А Петюня, между прочим, мятежный шахтер, профсоюзный лидер из крупнейших (чуть ли не нравственный столп по нашим тогдашним понятиям), с утра нам рассказывал, что вместо чая ягель заваривает. Так-с…

Догоняем мы Петюню и говорим: а не западло ли тебе обманывать дружественную прессу? А Петюня отвечает: «Не, ребята. Все по понятиям. Ну, конечно, есть у нас кое-какие деньги для революционной работы. Но народ-то, народ и в самом деле ягель заваривает!» «Эх, - говорим мы, - Петюня, и не стыдно тебе?» «Стыд, - отвечает грамотный активист, - внеклассовое понятие. А „западло“ - классовая мораль». Пожалуй, стыд - действительно, понятие скорее нравственное, чем моральное. Самурай кончает жизнь из стыда перед собой, банкир из стыда перед соседями.

А майор Евсюков в припадке стыда перед собой и соседями кончает с девятью встречными (я понятия не имею, какие именно эмоции руководили этим сытым и пьяным милиционером; это адвокаты - по слухам - в качестве одной из версий защиты обдумывают, не сыграть ли на глубоком личностном кризисе, будто бы переживаемом г-ном Евсюковым в тот жизненный период и приведшем его к суицидальным настроениям). Ну, а «по понятиям» - никакого стыда Евсюков испытывать не мог и не может, и действия его не самоубийственные, а банально - убийственные.

Он вроде бы и не планировал такого душегубства, просто поделать с собой уже ничего не мог.
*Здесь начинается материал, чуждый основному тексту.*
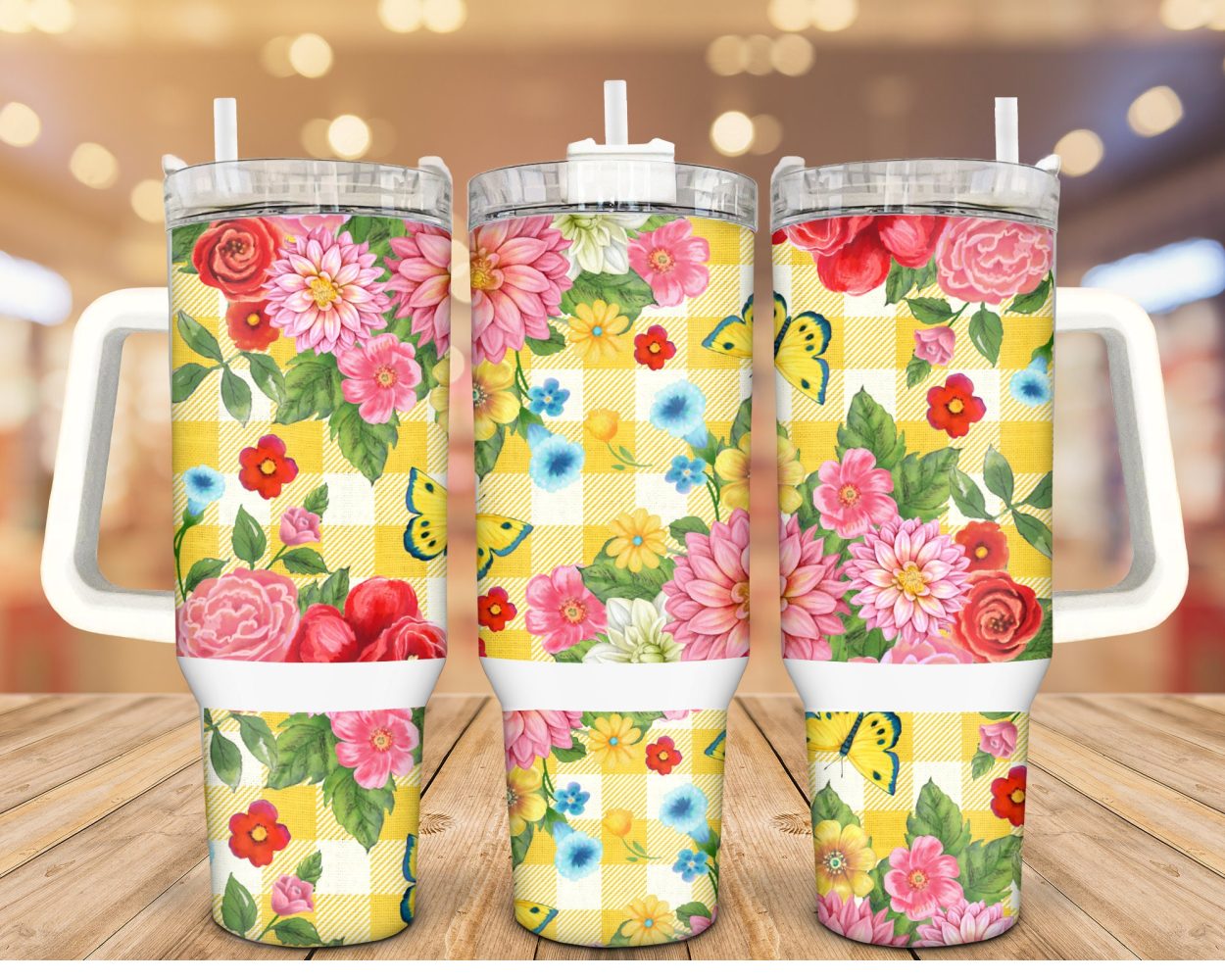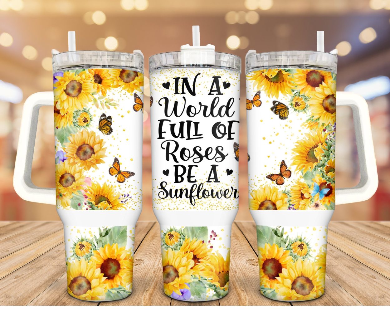 Bright Sunflower Butterfly Custom Stanley Quencher 40Oz Stainless Steel Tumbler With Handle

Как говорят в кругах силовиков: «Без главного жил - рано стесал тормозные колодки». Я было подумала, что ГЛАВНОЕ - это что-то важное, что я сейчас узнаю милицейскую тайну. А мне объяснили: «Не-а. Просто высоко занесся. Жил без начальника. Без авторитета».

Наконец «дурной тон» - моральный кодекс интеллигента либерального толка. Принцип дурного тона в том, что можно делать все что угодно, кроме того, чего делать ни в коем случае нельзя. Потому что это - дурной тон.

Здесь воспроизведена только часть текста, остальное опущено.